#### Provided data:
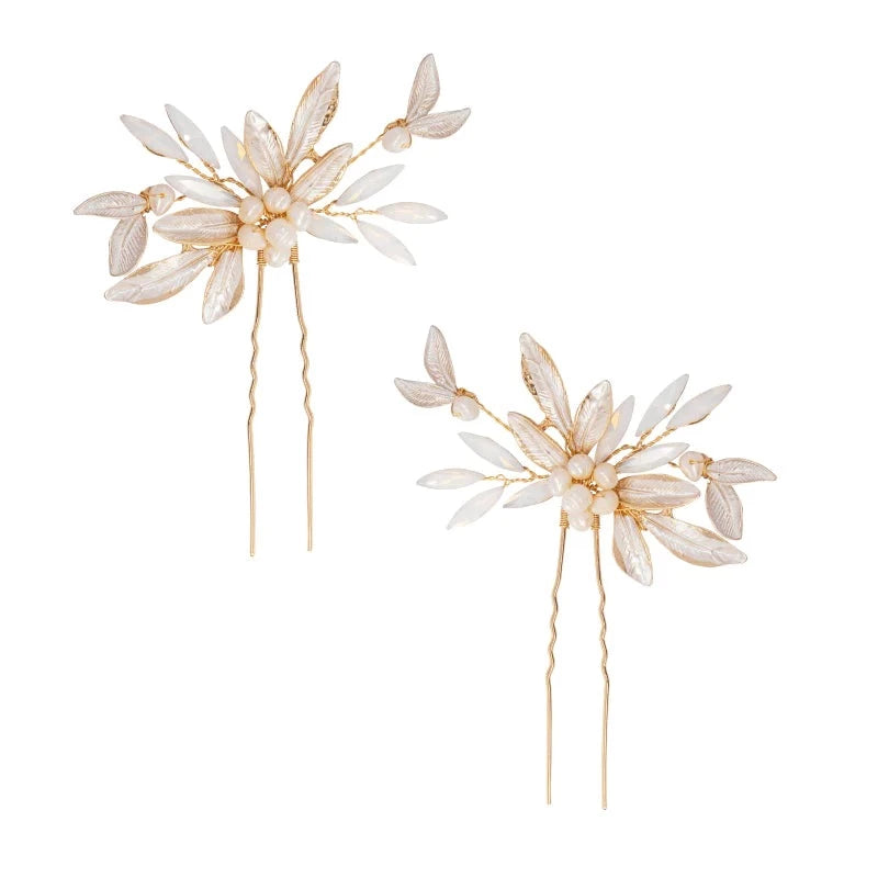 Simply elegant, blush beauty hair pins, embellished with hand painted blush pink leaves, simulated pearls and Opal crystals and then delicately hand-wired onto a gold coloured finish pin. These hair pins look wonderful, intricately placed through many different wedding hairstyles to create the most prettiest look. In each set there are two pins.
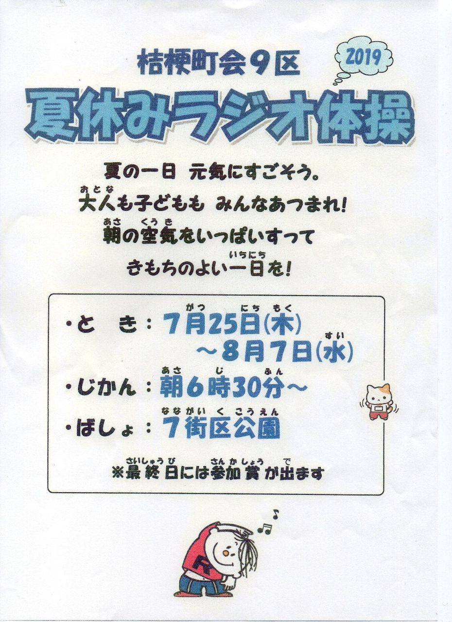 2019年07月18日 桔梗9区「夏休みラジオ体操」と「夏祭り」 桔梗9区「夏休みラジオ体操」と「夏祭り」 さあ、夏休みが始まります 桔梗9区では恒例の行事です「夏休みラジオ体操会」は7月25日(木)から8月7日(水)朝6時30分行われます2週間ですよ!! 自由参加です「夏祭り」は7月28日(日)午後3時~5時に行われます (k&k&k) 「各区の行事など」カテゴリの最新記事 < 前の記事次の記事 > コメント コメントフォーム 名前 コメント 記事の評価 リセット リセット 顔 星 情報を記憶 コメントを投稿する
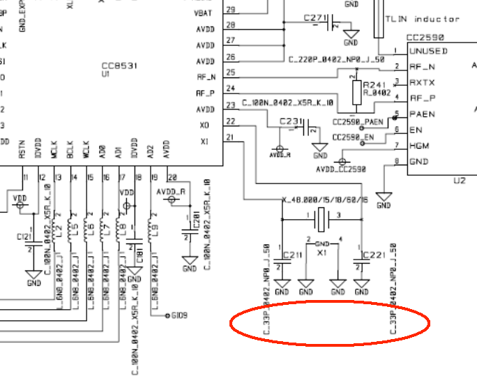 CC85XXdatasheet上面是写的16pF,为什么demo板CC85XXDK-HEADSET User’s Guide原理图上用的是33pF,难道这是随便可以改的吗原谅我的无知,如下图

#### What this task involves:
Return an exact transcription of the material, with its pictures left out.

#### Response for this exercise:
 Simply elegant, blush beauty hair pins, embellished with hand painted blush pink leaves, simulated pearls and Opal crystals and then delicately hand-wired onto a gold coloured finish pin. These hair pins look wonderful, intricately placed through many different wedding hairstyles to create the most prettiest look. In each set there are two pins.
 2019年07月18日 桔梗9区「夏休みラジオ体操」と「夏祭り」 桔梗9区「夏休みラジオ体操」と「夏祭り」 さあ、夏休みが始まります 桔梗9区では恒例の行事です「夏休みラジオ体操会」は7月25日(木)から8月7日(水)朝6時30分行われます2週間ですよ!! 自由参加です「夏祭り」は7月28日(日)午後3時~5時に行われます (k&k&k) 「各区の行事など」カテゴリの最新記事 < 前の記事次の記事 > コメント コメントフォーム 名前 コメント 記事の評価 リセット リセット 顔 星 情報を記憶 コメントを投稿する
 CC85XXdatasheet上面是写的16pF,为什么demo板CC85XXDK-HEADSET User’s Guide原理图上用的是33pF,难道这是随便可以改的吗原谅我的无知,如下图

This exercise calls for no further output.